▸ **INSTRUCTIONS TO FOLLOW**: Include in the reply only the lines from the start of the data below through the line containing "Vous souhaitez rester", reproduced exactly and with no pictures.

*** PROVIDED MATERIAL Section Begins ***

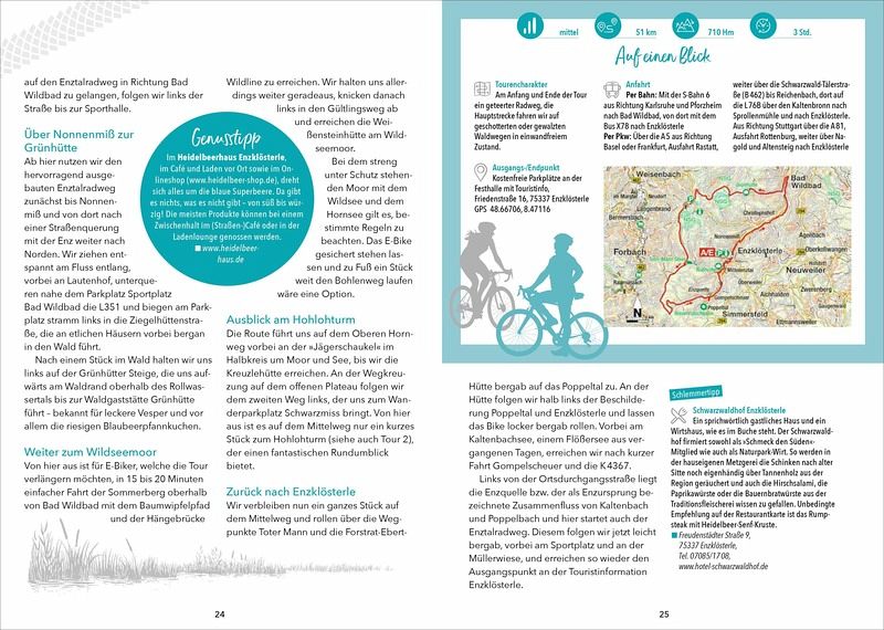 Detailliert recherchierte E-Bike-Touren für Deutschlands größtes MittelgebirgeErgänzt um Tipps zur klassisch badischen oder württembergischen EinkehrPlus: Badens beste Fischräucherer, Käseproduzenten, Winzer und Edeldestillen
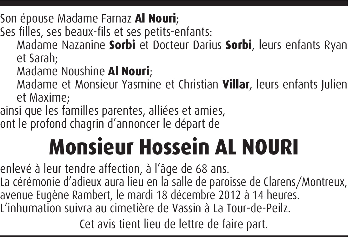 Vous souhaitez rester informé des nouveaux avis et condoléances pour ce défunt ?
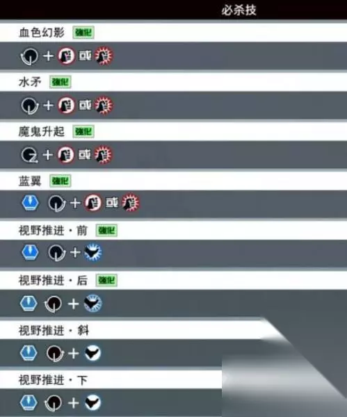 三、必杀技 血色幻影:按↓↙←,然后轻拳。 水矛:按↓↘→,然后轻拳或重拳。 魔鬼升起:按→↓↘,然后轻拳或重拳。 蓝翼:在空中时,按↓↘→,然后轻拳或重拳。 视野推进·前:在空中时,按↓↘→,然后重脚。 视野推进·后:在空中时,按↓↙←,然后重脚。 视野推进·斜:在空中时,按↓↘→,然后轻脚。 视野推进·下:在空中时,按↓↙←,然后轻脚。

*** PROVIDED MATERIAL Section Ends ***

▸ **SOLUTION**:
 Detailliert recherchierte E-Bike-Touren für Deutschlands größtes MittelgebirgeErgänzt um Tipps zur klassisch badischen oder württembergischen EinkehrPlus: Badens beste Fischräucherer, Käseproduzenten, Winzer und Edeldestillen
 Vous souhaitez rester informé des nouveaux avis et condoléances pour ce défunt ?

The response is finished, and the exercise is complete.